▶ **TASK GOAL**: An exact transcription of the lines from the one holding "Feature: Shock Resistant,Water-Resistance,Alarm,Week" to the end of the entries below, and nothing more, is the required answer. Please omit the pictures.
━━━ DATA RECORDS
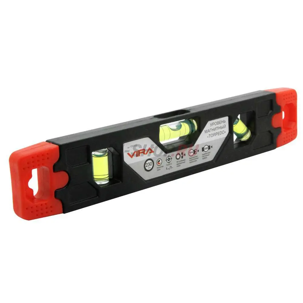 Уровень позволяет проверять горизонтальные, вертикальные поверхности, поверхности с уклоном 45 градусов на соответствие эталону. TORPEDO это самый компактный и легкий уровень в семействе VIRA. При длине 230 мм, вес инструмента – 75 грамм. Это легче вашего смартфона. Уровень создан для ношения с собой, его можно легко уместить в кармане куртки или сумке для документов. Легкость TORPEDO сочетается с прочностью. Корпус из ударостойкого ABS пластика позволяет ронять инструмент на твердую поверхность с высоты до 3 метров безо всяких опасений. Точность измерений при этом не сбивается. Дополнительную защиту при падении уровню придают прорезиненные наконечники на торцах. Точность инструмента 1мм/м. Позволяет работать на металлических поверхностях без помощи рук за счет магнитной грани по всей длине профиля.
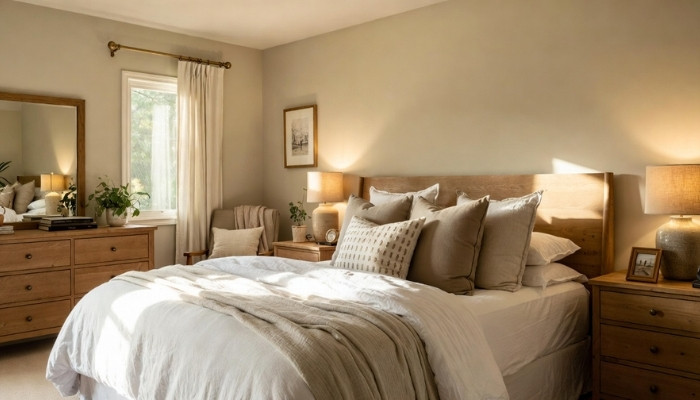 Using mirrors to reflect light, keeping furniture proportional to the room size, and choosing light-colored walls can instantly make a small bedroom feel more open. Proper lighting and vertical storage also improve the sense of space.
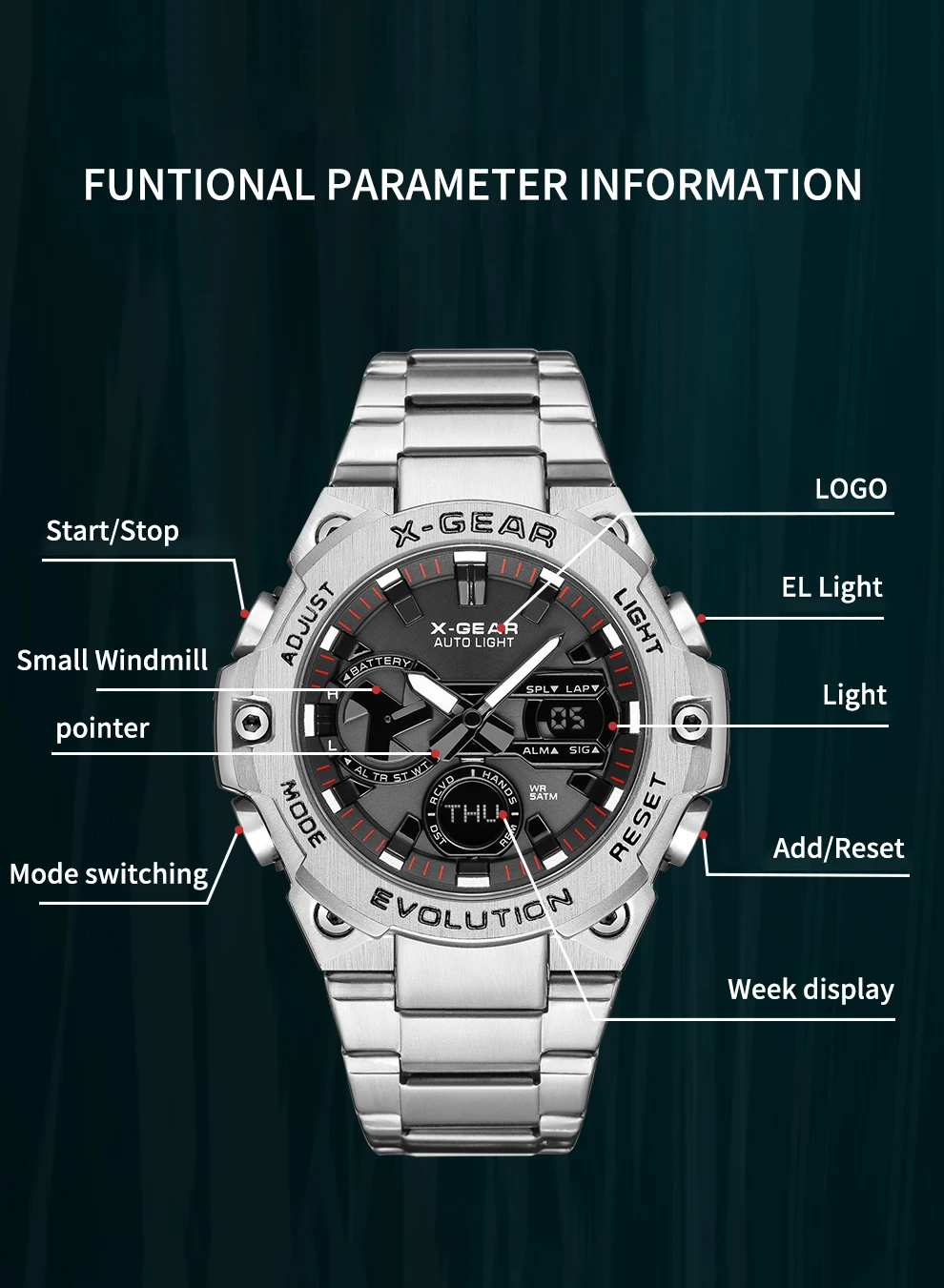 Feature: Shock Resistant,Water-Resistance,Alarm,Week Display
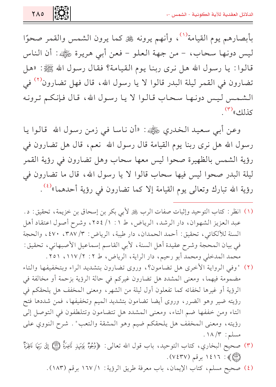 (¬٣) صحيح البخاري، كتاب التوحيد، باب قول الله تعالى: {وُجُوهٌ يَوْمَئِذٍ نَاضِرَةٌ (٢٢) إِلَى رَبِّهَا نَاظِرَةٌ}: ١٤١٦ برقم (٧٤٣٧).
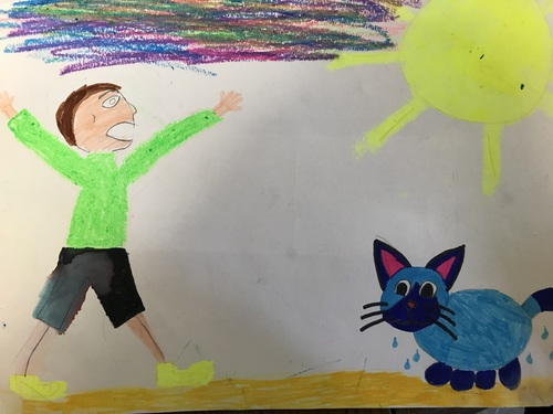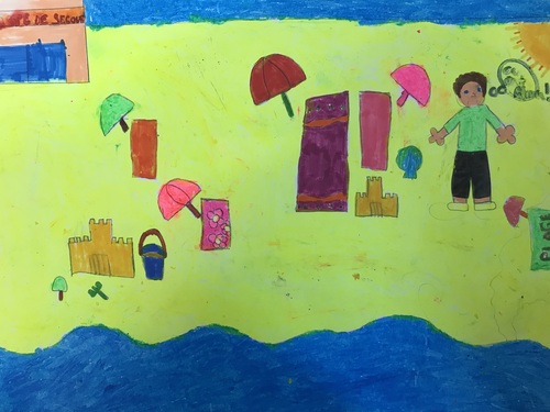 Dessins réalisés par une classe de CM2, école Françoise Giroud à Saint-Nazaire, représentant différentes scènes de la pièce Anatole et Alma.
━━━━━━
▶ **TASK ANSWER**:
 Feature: Shock Resistant,Water-Resistance,Alarm,Week Display
 (¬٣) صحيح البخاري، كتاب التوحيد، باب قول الله تعالى: {وُجُوهٌ يَوْمَئِذٍ نَاضِرَةٌ (٢٢) إِلَى رَبِّهَا نَاظِرَةٌ}: ١٤١٦ برقم (٧٤٣٧).
 Dessins réalisés par une classe de CM2, école Françoise Giroud à Saint-Nazaire, représentant différentes scènes de la pièce Anatole et Alma.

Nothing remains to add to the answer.